I'm running a small AI content creation setup, mainly focusing on image and video models. Last year, I opted for a Xeon Gold 6348 with 28 cores, as I found Xeon Silver to be slightly underwhelming for multi-GPU inference tasks, and Xeon Platinum was just too pricey and power-hungry for my needs. The Gold handles four RTX 4090 GPUs running continuously without any thermal throttling, given that I have decent airflow and a well-ventilated 2U chassis. It draws between 1.2 and 1.4 kW at maximum load during generation, and I keep the rack temperature stable using perforated doors and additional intake fans. I believe Xeon Gold strikes a great balance with enough PCIe lanes for GPUs, strong multi-thread performance, and lower energy consumption compared to Platinum. Silver can be fine for lighter workloads but tends to become a bottleneck with multiple jobs running at once. I'm curious about what Xeon tier you guys are using for AI workloads and how hot your racks get during operations.
3 Answers
Have you thought about using EPYC instead of Xeon? They tend to have more PCIe lanes and offer better clock speeds at similar prices. It might be worth a look, especially for multi-GPU setups.

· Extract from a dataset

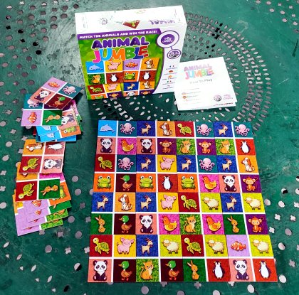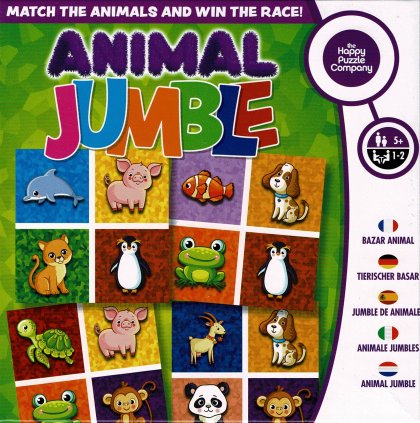 Animal Jumble est composé de 32 dominos carrés comportant chacun 4 animaux. Les deux joueurs se partagent au hasard les dominos pour en recevoir chacun 16. Il s'agit ensuite de créer un carré de 4×4 dominos de sorte que chaque domino possède un animal en commun avec les dominos voisins. Il y a toujours au moins une solution, mais il faut être le premier à reconstituer son zoo ! On peut aussi jouer seul, contre la montre. Il existe, chez le même éditeur, une version un peu plus difficile avec des nombres : Number Jumble.
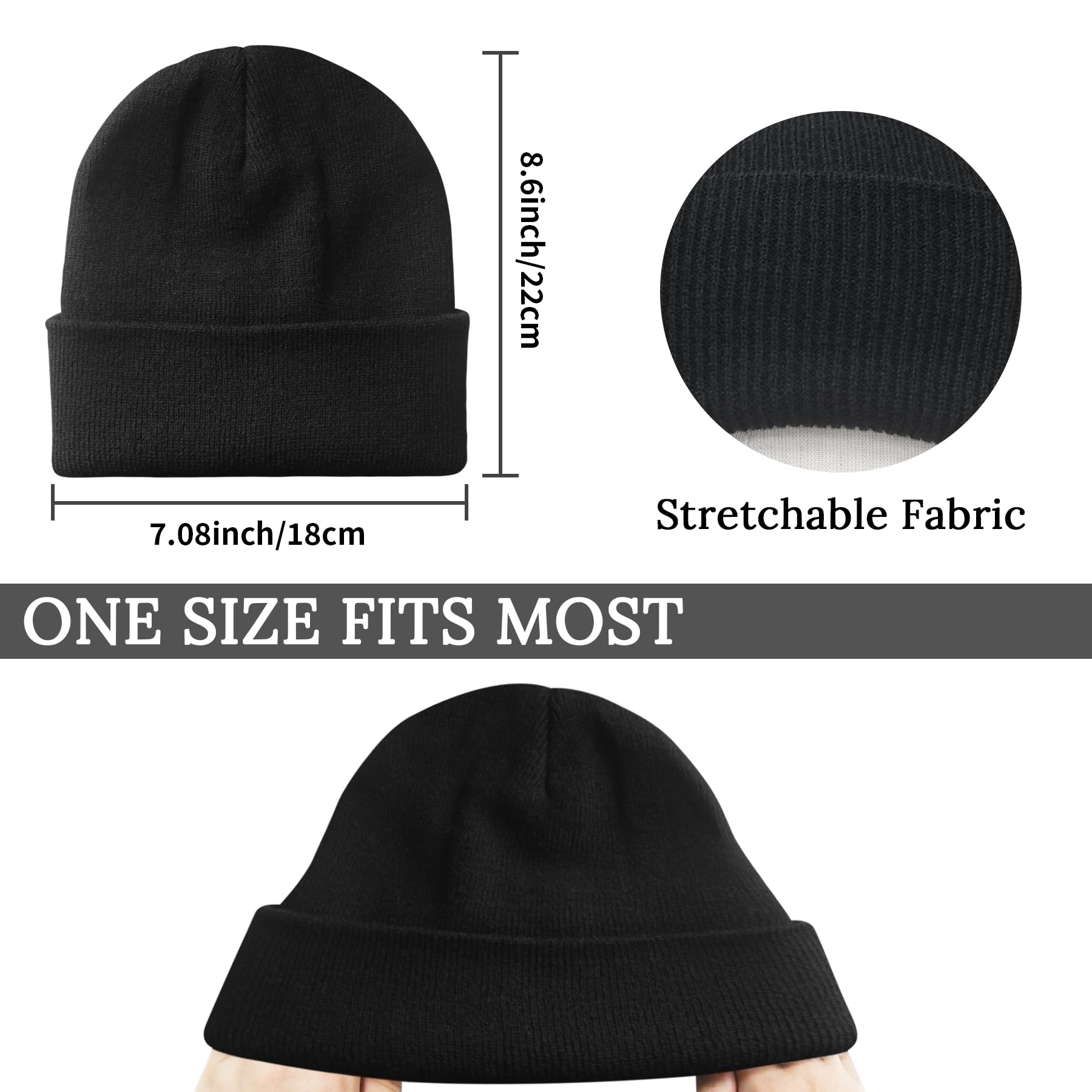 HIGH-QUALITY MATERIAL: Crafted from high-quality and stretchable fabric, the classic knit soft beanie can providie a snug fit, ensure longtime use and add a stylish touch to your outfit

Yeah, with EPYC, you get better performance per core and overall power efficiency. Definitely consider it!
Does my Xeon E5310 from 2007 count? It's old but still chugging along!
Sure, it technically counts as a Xeon, but keep in mind it's pretty outdated compared to what’s currently available!
Just a heads up, 6th gen Xeons have moved away from metal tiers. In fact, what's currently used in the B300 from Nvidia is linked here if you want to check it out.

Totally agree! EPYC is looking like the go-to for multi-GPU inference this year, especially since it has great core scalability and efficiency.